▸ Problem description
An exact transcription of all the records, free of pictures, is the expected answer.

--------------------

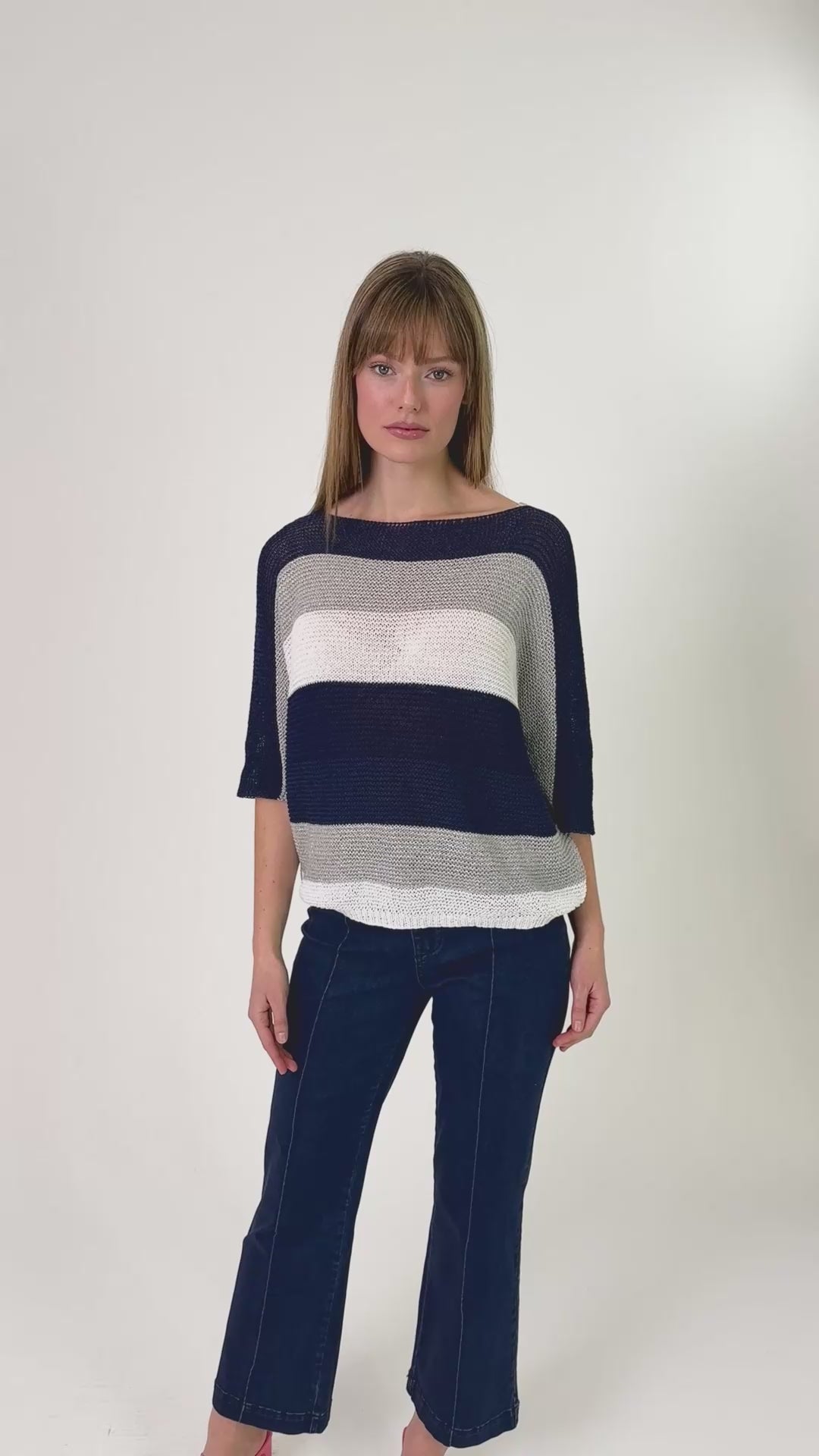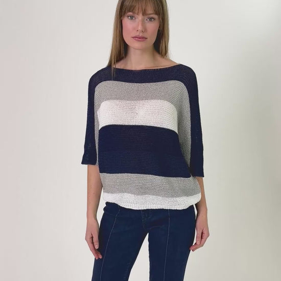 Frank Lyman Stripe Knitted Crew Neck Pullover in Blue/White
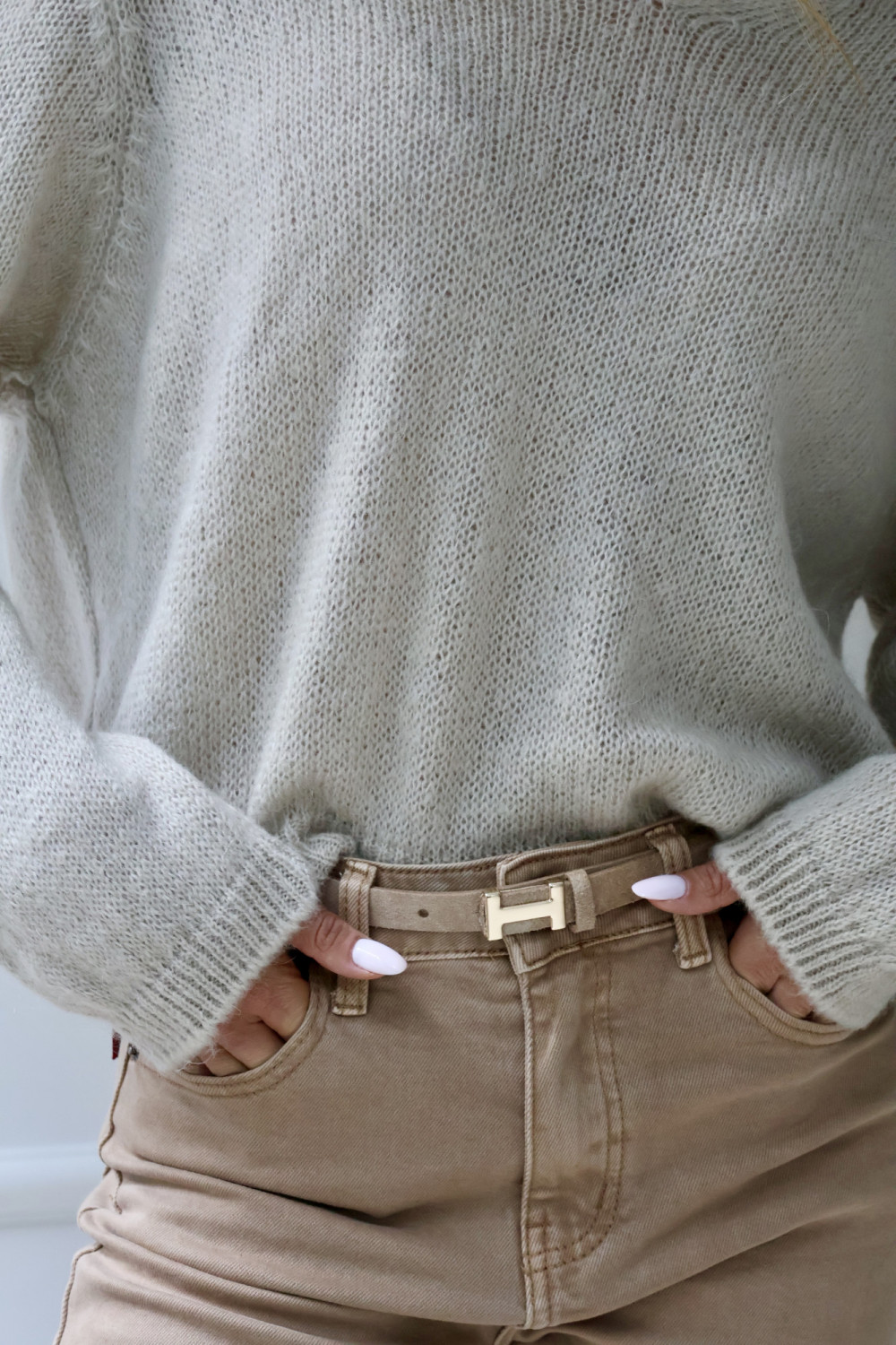Sweter ANGELO z moherem i dekoltem w serek w jasnym beżu to lekki, puszysty model, który dodaje stylu i subtelnej elegancji codziennym zestawom. Delikatny moher sprawia, że sweter jest miękki, ciepły i przyjemny w dotyku, a mieszanka akrylu i poliamidu zapewnia komfort noszenia i trwałość. Jasny beż w klasycznym kroju ANGELO świetnie komponuje się zarówno z jeansami, jak i spódnicą, tworząc stylizacje z nutą luksusu. Sweter z moherem i dekoltem V ANGELO to idealny wybór na chłodniejsze dni, łączący wygodę z modnym designem.
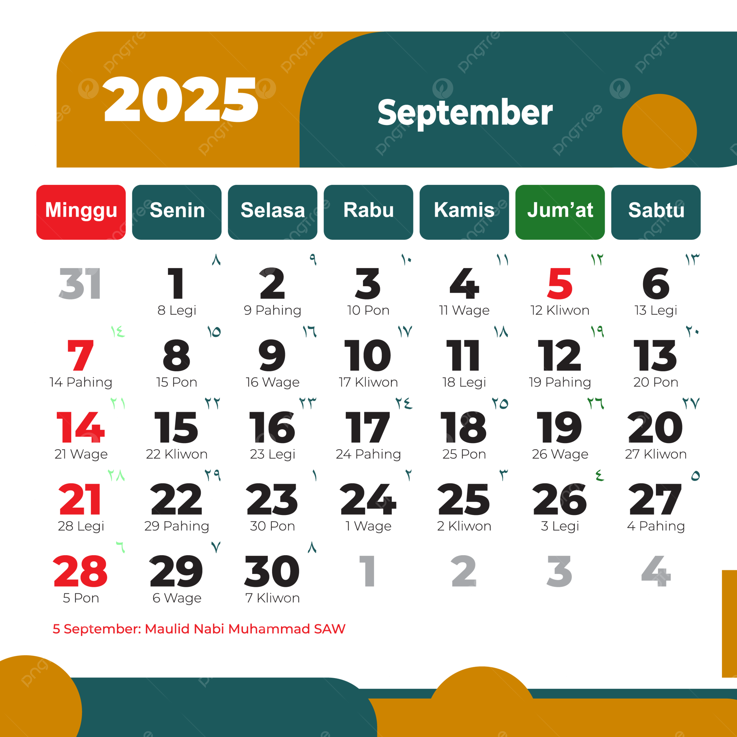 Simple September 2025 Indonesian Calendar Complete With Yellow And Green Clipart Vector 2025 Calendar Indonesian Calendar September PNG And Vector With Transparent Background For Free Download
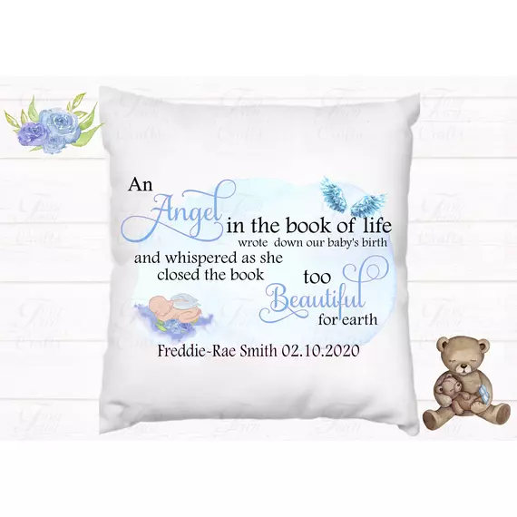 Too beautiful for earth baby memorial pillow.
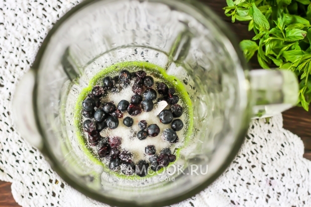 Чернику промойте в воде, оборвите стебельки и листочки, высыпьте ягоды в чашу блендера. Добавьте туда же сахарный песок, по желанию заменив его цветочным медом.
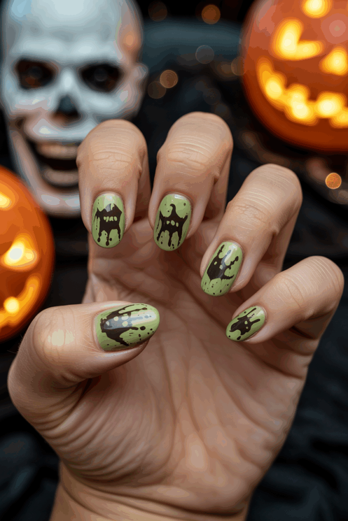 Ghost nails are a fun balance of cute and creepy. Paint soft white shapes with rounded edges for friendly ghosts or sharper edges for a scarier version. A black, gray, or deep purple background helps them stand out, while a glossy top coat keeps the ghosts from looking flat.
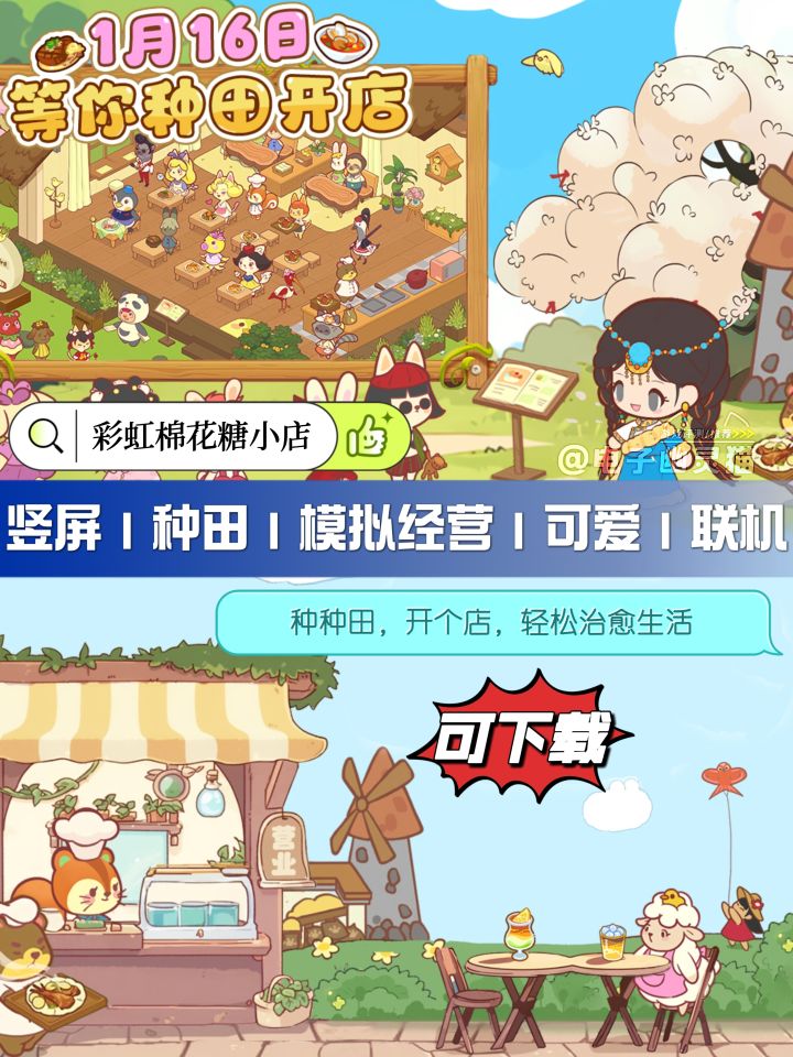 🎮游戏名⚫︎彩虹棉花糖小店🎮游戏类型⚫︎种田/模拟经营/养成/治愈🎮游戏状态⚫︎今日公测,可下载游玩⭐⭐⭐(点击最下方游戏标签右侧“下载”,即可立即开始游戏( ⌯' '⌯)📣)——🌸画风非常可爱治愈的模拟经营游戏。🌸可以种田,养殖以及开店!🌸建设自己的餐厅,收集菜谱,接待客人。🌸还有各种好看的装扮,也能打造自己独特的农场小家!✨游戏今日已经公测啦,大家玩的开心(˵¯͒〰¯͒˵)—

--------------------

▸ Problem solution
 Frank Lyman Stripe Knitted Crew Neck Pullover in Blue/White
Sweter ANGELO z moherem i dekoltem w serek w jasnym beżu to lekki, puszysty model, który dodaje stylu i subtelnej elegancji codziennym zestawom. Delikatny moher sprawia, że sweter jest miękki, ciepły i przyjemny w dotyku, a mieszanka akrylu i poliamidu zapewnia komfort noszenia i trwałość. Jasny beż w klasycznym kroju ANGELO świetnie komponuje się zarówno z jeansami, jak i spódnicą, tworząc stylizacje z nutą luksusu. Sweter z moherem i dekoltem V ANGELO to idealny wybór na chłodniejsze dni, łączący wygodę z modnym designem.
 Simple September 2025 Indonesian Calendar Complete With Yellow And Green Clipart Vector 2025 Calendar Indonesian Calendar September PNG And Vector With Transparent Background For Free Download
 Too beautiful for earth baby memorial pillow.
 Чернику промойте в воде, оборвите стебельки и листочки, высыпьте ягоды в чашу блендера. Добавьте туда же сахарный песок, по желанию заменив его цветочным медом.
 Ghost nails are a fun balance of cute and creepy. Paint soft white shapes with rounded edges for friendly ghosts or sharper edges for a scarier version. A black, gray, or deep purple background helps them stand out, while a glossy top coat keeps the ghosts from looking flat.
 🎮游戏名⚫︎彩虹棉花糖小店🎮游戏类型⚫︎种田/模拟经营/养成/治愈🎮游戏状态⚫︎今日公测,可下载游玩⭐⭐⭐(点击最下方游戏标签右侧“下载”,即可立即开始游戏( ⌯' '⌯)📣)——🌸画风非常可爱治愈的模拟经营游戏。🌸可以种田,养殖以及开店!🌸建设自己的餐厅,收集菜谱,接待客人。🌸还有各种好看的装扮,也能打造自己独特的农场小家!✨游戏今日已经公测啦,大家玩的开心(˵¯͒〰¯͒˵)—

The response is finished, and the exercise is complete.